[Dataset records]
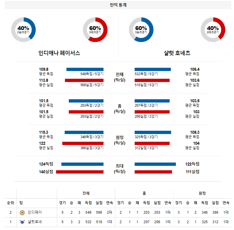 올시즌 상대전에서는 1차전 인디애나(원정) 10점, 2차전 샬럿(홈) 3점차 승리의 결과가 나오면서 1승1패를 기록중이다. 2차전에서 가동되지 않았던 리스 르버트의 합류가 인디애나에게 힘이 되어줄 것이며 샬럿은 2차전 당시 16득점 7어시스트 6리바운드 2스틸을 기록한 라멜로 볼이 결장한다.
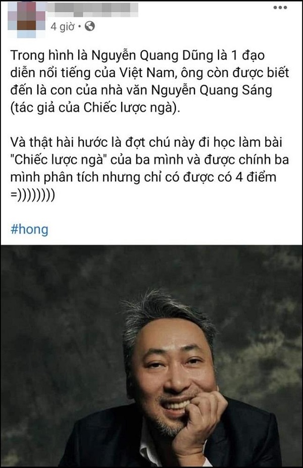 "Trong hình là Nguyễn Quang Dũng - một đạo diễn nổi tiếng của Việt Nam. Ông còn được biết đến là con của nhà văn Nguyễn Quang Sáng (tác giả của "Chiếc lược ngà"). Và thật hài hước là đợt chú này đi học làm bài "Chiếc lược ngà" của ba mình, được chính ba mình phân tích nhưng chỉ có được có 4 điểm", cụ thể bài đăng.
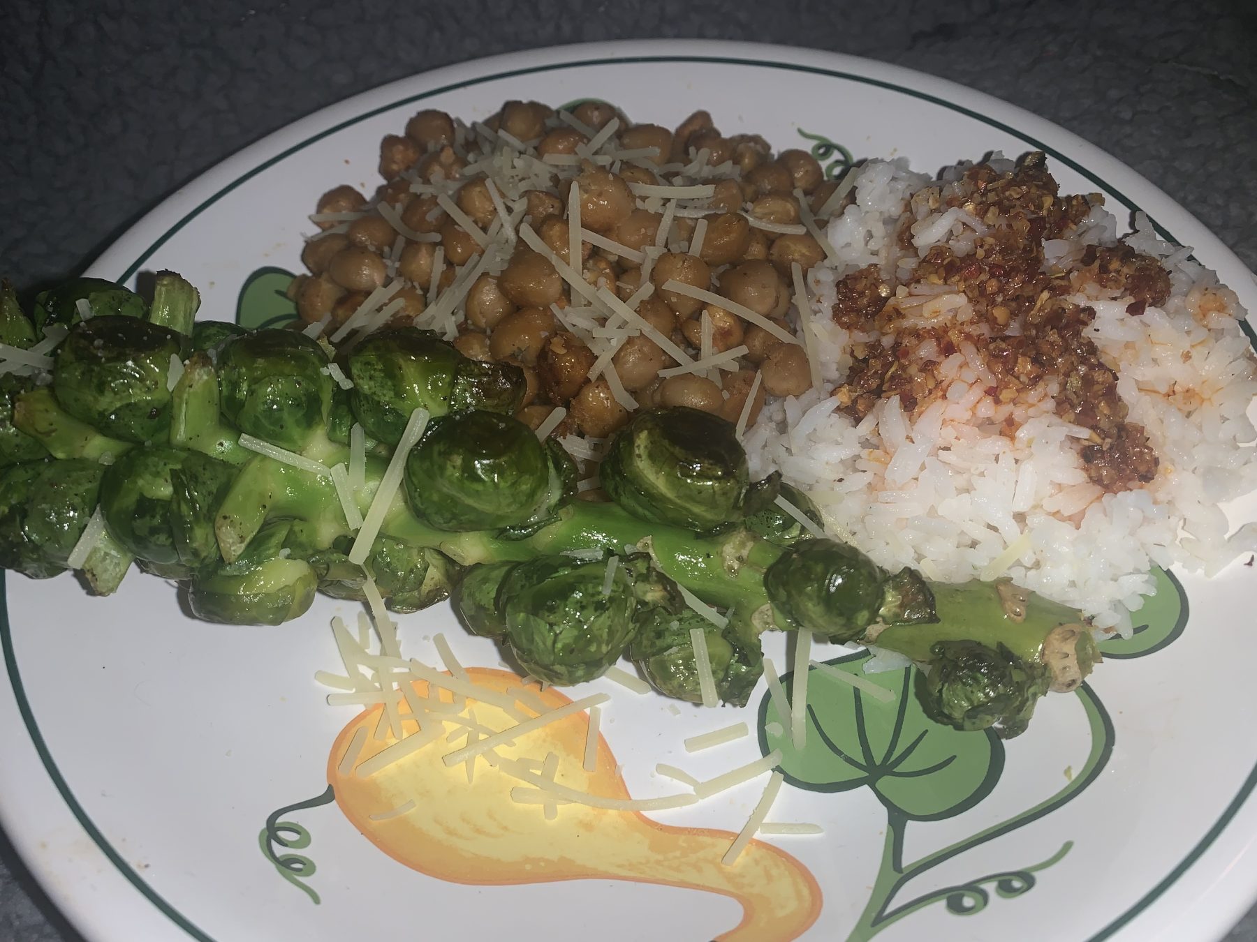 6. To plate, I left my Brussels sprouts on the stalk, but you can remove the round sprouts if you like. Top with a scoop of the cooked rice with the chile oil, soy sauce, and crispy onions and add chickpeas. Top the veggies with grated parmesan (optional).
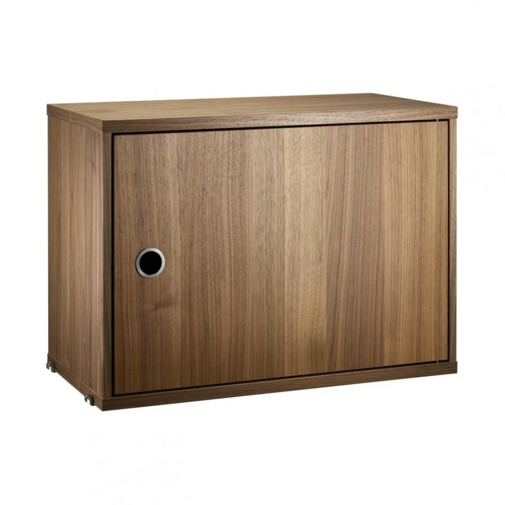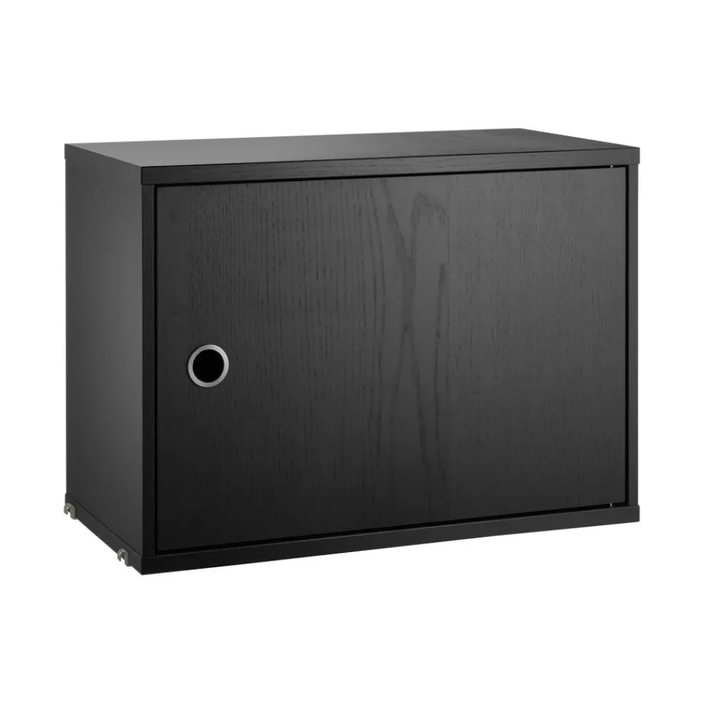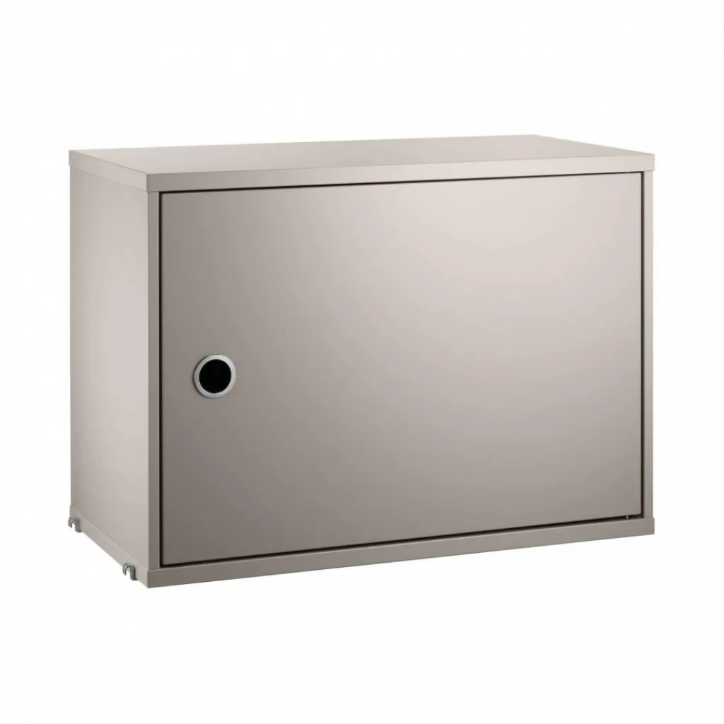 Das String System Schrankelement mit Schwenktür 58x42x30cm ist 58 cm breit und 30 cm tief. Die Höhe beträgt 42 cm. Das Schrankelement erreicht ein Gewicht von 11,2 kg. Es kann mit maximal 25 kg belastet werden und hat einen Einlegeboden. Das schlichte Schranksystem harmoniert mit jedem Einrichtungsstil: Es kann mit modernen oder traditionellen Möbeln kombiniert werden.
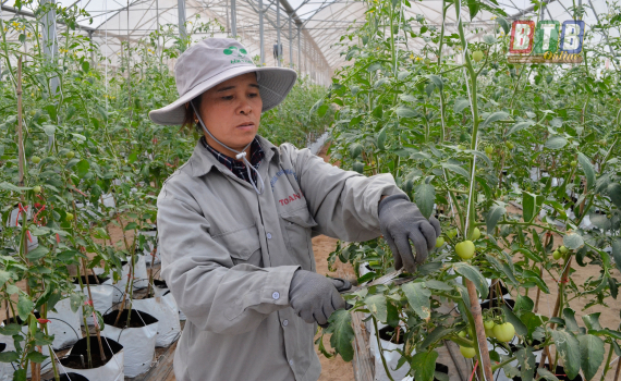 Chăm sóc cà chua trong nhà kính.
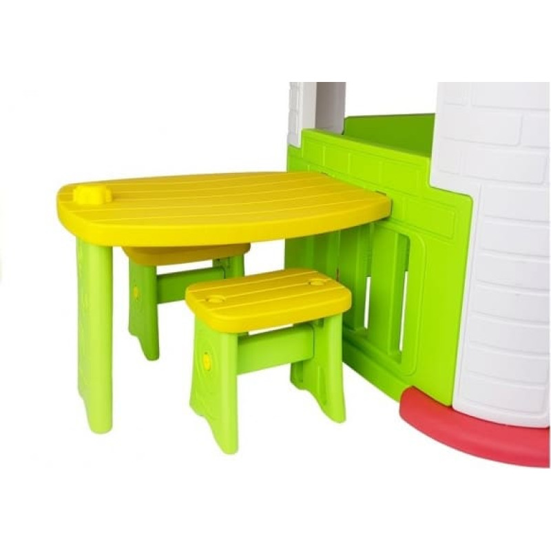 Dārza rotaļu mini- laukums ar mājiņu ir īsta paradīze bērniem. Pateicoties tam, katram mazulim patiks pavadīt laiku dabā, noliekot malā elektroniskos gadžetus. Māja, kas savienota ar galdu, ļaus jūsu bērnam izklaidēties kopā ar brāļiem un māsām, vecākiem vai draugiem. Komplektā ietilpst dārza mājiņa ar plaši atveramām durvīm. Ārpus mājas ir galds ar diviem krēsliem. Komplekts ir izgatavots no augstas kvalitātes HDPE materiāla, pateicoties tam visiem elementiem ir palielināta elastība un tie ir izturīgāki pret mehāniskiem bojājumiem. Izmēri: - visa komplekta augstums: 115 cm - visa komplekta garums: 160 cm - mājas augstums: 115 cm - mājas platums: 100 cm - galda izmēri: 42 cm x 45 cm x 60 cm Komplekta svars: 27,5 kg Iepakojuma izmēri: 113x77x44
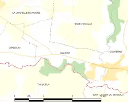 Haleine era una comuna francesa situada en el departamento de Orne, de la región de Normandía, que el 1 de enero de 2016 pasó a ser una comuna delegada de la comuna nueva de Rives-d'Andaine[3] al fusionarse con las comunas de Couterne, Geneslay y La Chapelle-d'Andaine.
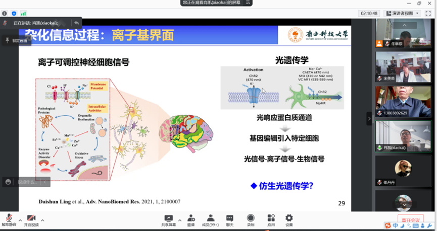 南方科技大学肖凯教授以《生物与仿生纳米离子学—基于离子传输的能源体系与信息过程》为主题进行了报告分享。肖凯表示向生物智能生命学习是人类科学和技术发展永恒的主题,如何构筑基于离子传输的能源与传感体系,从而架起智能生命和仿生体系的桥梁,是我们未来面向人工智能的一个重要挑战。该研究体系以限城空间内的可控离子传输为基础,涉及固液界面,生物/无机界面,强相互作用等基础物理化学问题,同时具有和纳米流体,膜科学,电化学,生物电子学,人工智能等领城高度交叉的特点。围绕限域空间内的可控离子传输及其应用这一目标,肖凯及其课题组在新型固态纳米流体器件的构筑及其离子输运性质的研究,离子传输在能源转换中的应用,离子传感体系的构筑及研究等领域取得一系列具有原创性的研究成果。
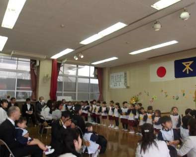 入園式では、在園児からお祝いの言葉と歌のプレゼントもありました。在園児も新しいひよこ組が来ることをとても楽しみにしていました。

## Task prompt
Print exactly, and print only, the lines from the line with "Dārza rotaļu mini- laukums" through the last line of the entries, both ends included. No pictures belong in the result.

## Solution to the exercise
 Dārza rotaļu mini- laukums ar mājiņu ir īsta paradīze bērniem. Pateicoties tam, katram mazulim patiks pavadīt laiku dabā, noliekot malā elektroniskos gadžetus. Māja, kas savienota ar galdu, ļaus jūsu bērnam izklaidēties kopā ar brāļiem un māsām, vecākiem vai draugiem. Komplektā ietilpst dārza mājiņa ar plaši atveramām durvīm. Ārpus mājas ir galds ar diviem krēsliem. Komplekts ir izgatavots no augstas kvalitātes HDPE materiāla, pateicoties tam visiem elementiem ir palielināta elastība un tie ir izturīgāki pret mehāniskiem bojājumiem. Izmēri: - visa komplekta augstums: 115 cm - visa komplekta garums: 160 cm - mājas augstums: 115 cm - mājas platums: 100 cm - galda izmēri: 42 cm x 45 cm x 60 cm Komplekta svars: 27,5 kg Iepakojuma izmēri: 113x77x44
 Haleine era una comuna francesa situada en el departamento de Orne, de la región de Normandía, que el 1 de enero de 2016 pasó a ser una comuna delegada de la comuna nueva de Rives-d'Andaine[3] al fusionarse con las comunas de Couterne, Geneslay y La Chapelle-d'Andaine.
 南方科技大学肖凯教授以《生物与仿生纳米离子学—基于离子传输的能源体系与信息过程》为主题进行了报告分享。肖凯表示向生物智能生命学习是人类科学和技术发展永恒的主题,如何构筑基于离子传输的能源与传感体系,从而架起智能生命和仿生体系的桥梁,是我们未来面向人工智能的一个重要挑战。该研究体系以限城空间内的可控离子传输为基础,涉及固液界面,生物/无机界面,强相互作用等基础物理化学问题,同时具有和纳米流体,膜科学,电化学,生物电子学,人工智能等领城高度交叉的特点。围绕限域空间内的可控离子传输及其应用这一目标,肖凯及其课题组在新型固态纳米流体器件的构筑及其离子输运性质的研究,离子传输在能源转换中的应用,离子传感体系的构筑及研究等领域取得一系列具有原创性的研究成果。
 入園式では、在園児からお祝いの言葉と歌のプレゼントもありました。在園児も新しいひよこ組が来ることをとても楽しみにしていました。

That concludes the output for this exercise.